これ以降の彼の議論は、官僚の情報が「事実ではなくそれ自体不当な非難であった」という前提で官僚を批判するものだが、この前提は誤っている。「森ゆうこ糞」などのハンドルネームで行われた批判は正確であり、質問通告は24:25までかかったことが確認されたので、米山氏の話はナンセンスである。

この事実関係は、アゴラに寄稿された他の官僚の指摘とも一致している。こういう長時間の待機は霞ヶ関では日常的であり、それが官僚の労働条件を著しく悪化させている。今回はそれが大型台風の接近の前夜になったので、多くの官僚が「家に帰れない」という怒りを ツイッターでぶつけただけだ。

「待機しなければいい」とか「質問通告は必要ない」 という意見もあるが、行政の細かい部分まですべて通暁している大臣はいない。ぶっつけ本番で質問したら「今は手元に資料がないので答えられない」という答弁ばかりになり、国会審議には膨大な時間がかかる。

それは野党には有利だ。 審議が長引くと、会期内に成立する法案が減るからだ。そこで自民党は野党に妥協する代わりに、重要法案の成立に協力してもらう。
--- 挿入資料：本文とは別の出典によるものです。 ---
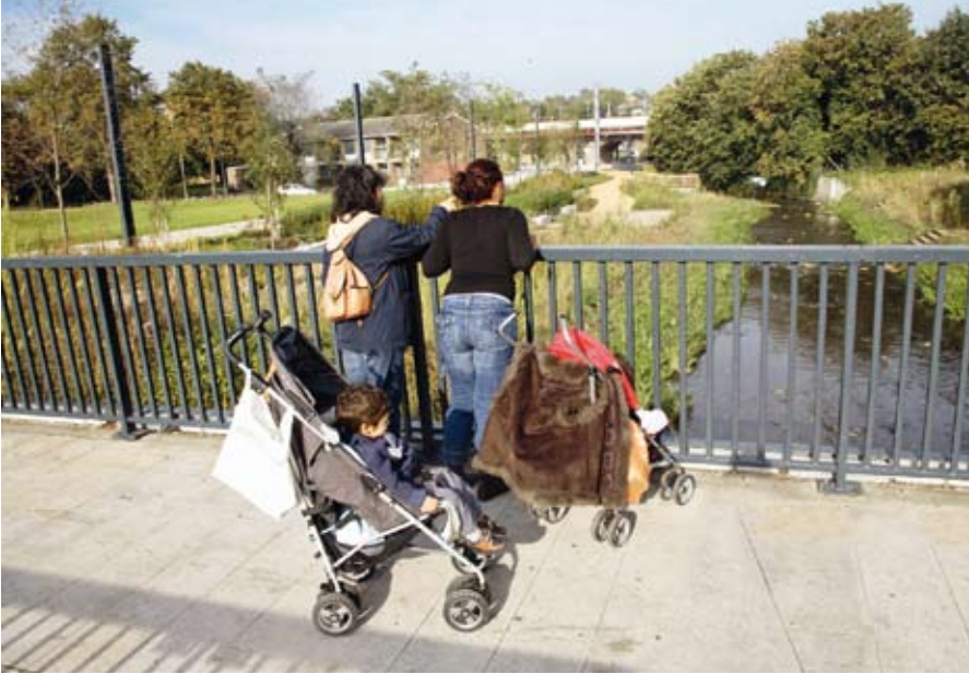
Young parents overlook the wildlife on Lewisham's River Quaggy

system, created 60 hectares of new open space in land surrounding schools, leased 4 hectares to create greenways along inland waterways and provided permanent protection for 40 community gardens.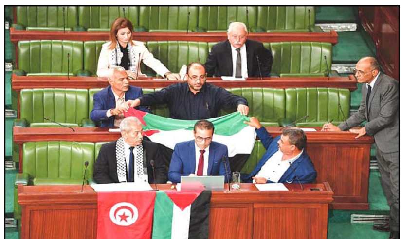
Members of Tunisia's parliament hold the Palestinian flag as they observe a minute of silence for civilian deaths in the Gaza Strip.

The speech came a day after the most significant escalation in clashes between Hezbollah and Israeli forces on the border since the war started and on the same day as a visit to Israel by the top US diplomat. US Secretary of State Antony Blinken met with Israeli Prime Minister Benjamin Netanyahu to urge protections for civilians in the fighting with Hamas, as Israeli troops tightened their encirclement of Gaza City.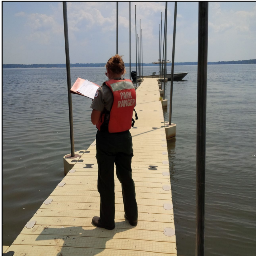
Limited Development Area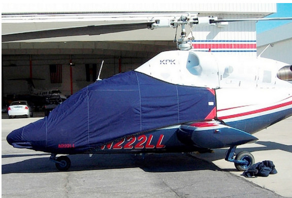
Bell 222 Bubble Cover

This cover type is made from Silver Acrylic Sunbrella canvas and is 100% lined with a soft and smooth microfiber. Bruce's Custom Covers developed this material combination especially for aircraft protection. The outer material is medium weight and treated for water resistance, UV resistance and anti-static buildup. The inner lining is a very soft and smooth microfiber to prevent scratching. The material is very reflective, and tests show that the cabin interior temperature can be reduced to near-ambient temperature on the hottest of days. It is water, ice and snow repellent, yet breathable to allow moisture to escape from between the cover and the aircraft surface.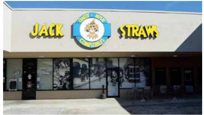
Jack Straws in NE Palm Bay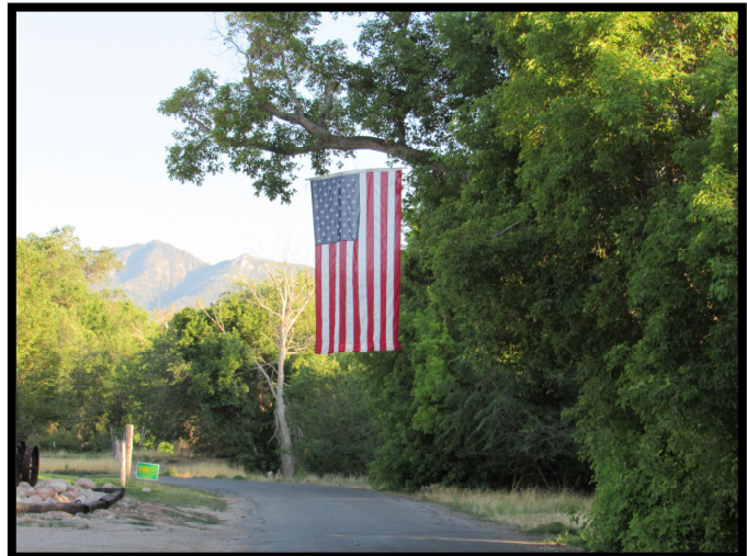
Flag over First North

May God bless America and the great people of Fillmore who remember how great our country is!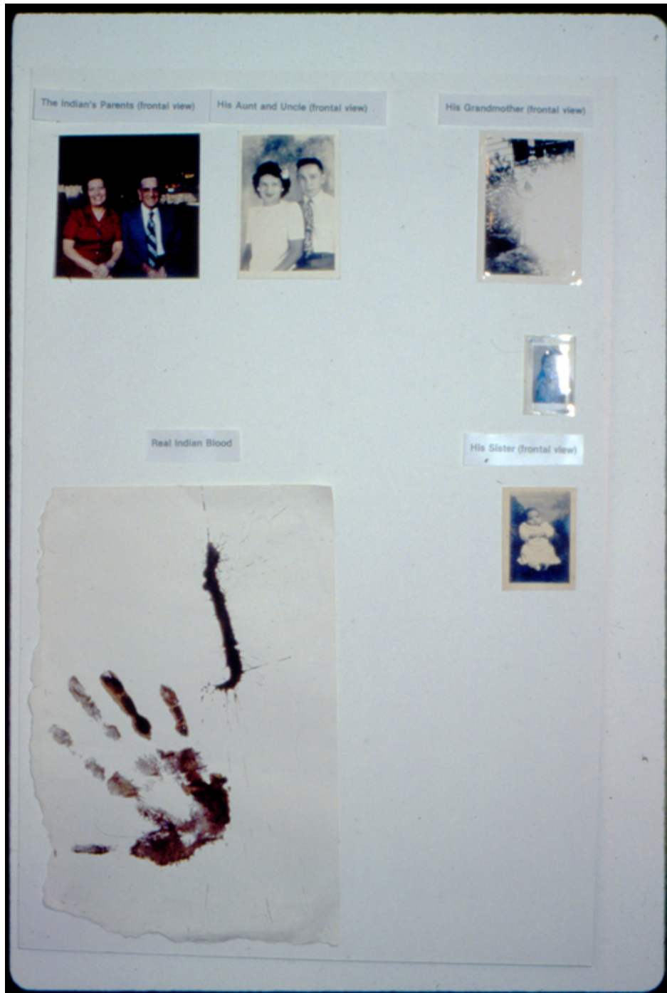
Figure 1.6 Jimmie Durham, The Real Indian Family from On Loan from the Museum of the American Indian , mixed media, variable dimensions, 1985, Collection Roger Pailhas.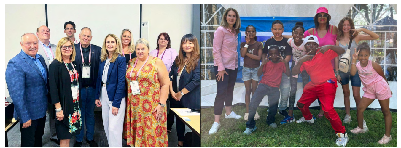
Productive time at the annual Association of Municipalities of Ontario (AMO) Conference in London - it was great to sit with municipal leaders from all across the province to discuss their top priorities.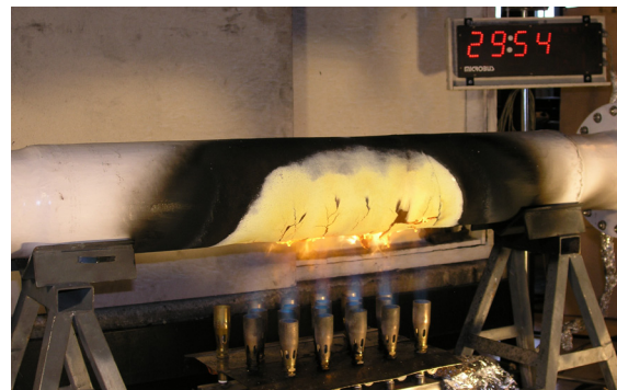
WhispaPipe meets IMO fire endurance tests. Contact ARMATEC or visit website for IMO test certificate.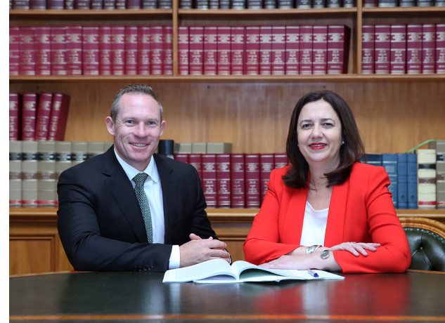
Supporting Queenslander's Mental Health

And we need to all be looking out for each other" - Premier Annastacia Palaszczuk MP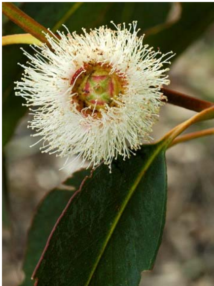
Blue Gum Eucalyptus globulus Introduced Perennial Myrtle Family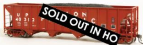
Union Pacific "Original H-100-16" SKU 10811 (12#s)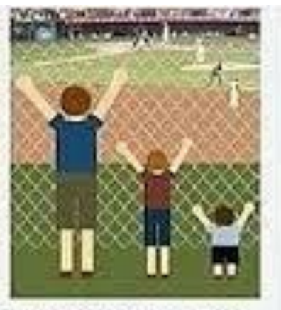
In the third image, all three can see the game without any supports or accommodations because the cause of the inequity was addressed. The systemic barrier has been removed.

こういう裏取引をするのが国会対策委員長会談で、そういう「貸し」をつくるのが審議を止めるゴロツキ野党議員の役割だ。

アゴラでもう一人の官僚も指摘するように、諸悪の根源はこの世界に類をみない日程闘争である。野党はなるべく審議を引き延ばそうとし、与党は短くしようとするので、審議日程は毎週開かれる議運の交渉で決まり、1週間先の審議日程しか決めることができない。

だから野党の質問も行き当たりばったりで、項目だけ出して中身は後から考える議員も多い。審議を止めて大臣をどなりつけたら、テレビ中継では目立つが「野党は政府の仕事を妨害するだけで建設的な仕事は何もできない」という印象が強まり、いつまでも政権はとれない。

もう一つは、国会質問で名誉毀損に問われないという憲法の規定を悪用した疑いだ。森議員は憲法51条の免責特権を繰り返し強調しており、国会内で意図的に「収賄罪」という言葉を使った疑いが強い。これは国会を侮辱する脱法行為である。詳細は原英史氏の記事にゆずる。

米山氏のコラムは取るに足りないが、これが朝日新聞の立場だとすると問題は深刻だ。いつもは長時間労働を批判する朝日新聞も、官僚はいくら長時間労働してもいいと思っているらしい。彼らを「情報漏洩だ」と攻撃するゴロツキ議員から官僚を守る気もない。日本のジャーナリズムの劣化は救いがたい。

しかし今回の騒ぎは、国会運営を改革するチャンスである。国民民主党の玉木代表も、官僚OBとして事情を知っているはずだ。議員特権を悪用した森議員を処分し、日程闘争をやめて生産的な国会審議をすべきだ。その鍵は野党が握っている。